On the left the split ring sits inside the sleeve so that load makes it fan open — past a threshold the ring’s edge lifts off the inner wall and the grip slips. The egg falls onto the cloth a hand below. The shell does not break. The hand has confessed.
On the right the same ring is reversed. Load winds the cut edge into the wall — the harder you pull, the deeper the bite. A child’s finger trap, made of steel. Nothing releases until the load comes off. This is the grip you want for a rope, a tendon, a climbing line. It is also the grip you do not want anywhere near a finger.
The lesson is that a ring inside a sleeve is not a thing. It is an orientation. The same two parts, flipped, give you mercy or they give you a snare. A workshop apprentice could mix them up in a moment and never know which gripper he had built until something broke or something didn’t.
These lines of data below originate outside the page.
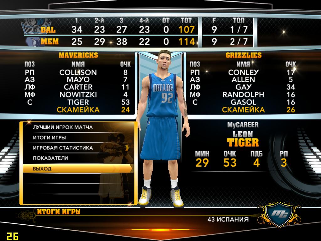 Знаешь, я играю на последнем уровне сложности, где у соперника больше 50% бросков залетает, следовательно отскоков меньше! Играл бы я "профи" легко бы по 10 отскоков собирал. Если ты за НБА следишь то у того же Ховарда не всегда 10 и более поборов за матч. В матче против Мемфиса (кстати!) он за 39 минут всего 4 подбора и это не единичный случай. А ты усмехаешься моим 4 подборам за 29 минут. Лучше вместо того чтобы ухмыляться свои успехи бы предъявил (в картинках).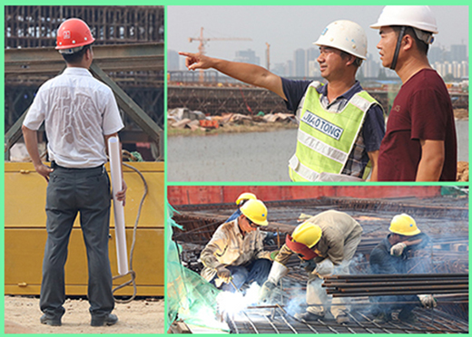 烈日炎炎下的三環(huán)線南改造項(xiàng)目野芷湖立交工程和李紙路立交工程工地上......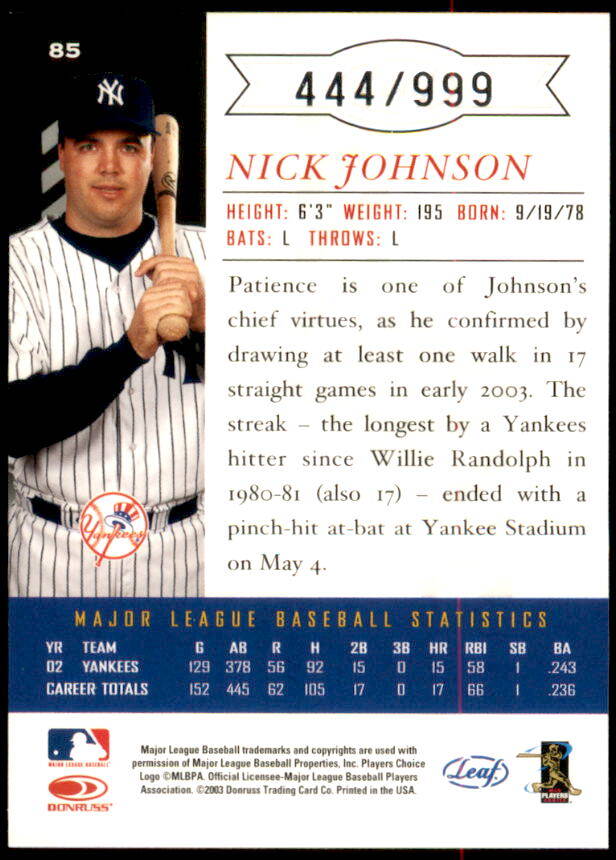 2003 Leaf Limited Nick Johnson 444/999 (#85)
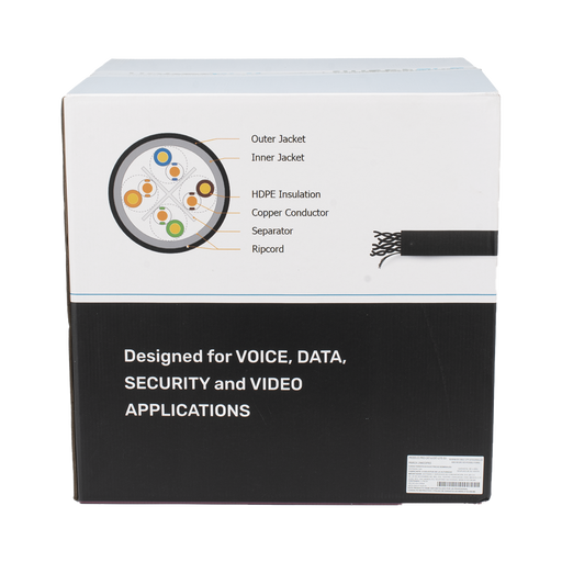 Ver todos los detallesBobina de cable de UTP de 4 pares Cat5e de 305 m (1000 ft), 100% Cobre, LDPE Resistente a rayos UV Relleno de Gel, Color Negro, 24 AWG, Uso en Exterior, Para Aplicaciones de Voz, Datos y Video

I will mark mine with a notch on the egg-side sleeve. A scratch the eye sees before the hand commits.
Tomorrow: the forearm. One tendon of egg-rings, one tendon of rope-rings, both pulling on the same finger. The hand decides what kind of object it is holding by deciding which tendon to tension. No sensor. No code. The grip’s character is chosen the way one chooses a tool from the bench — by reaching for it.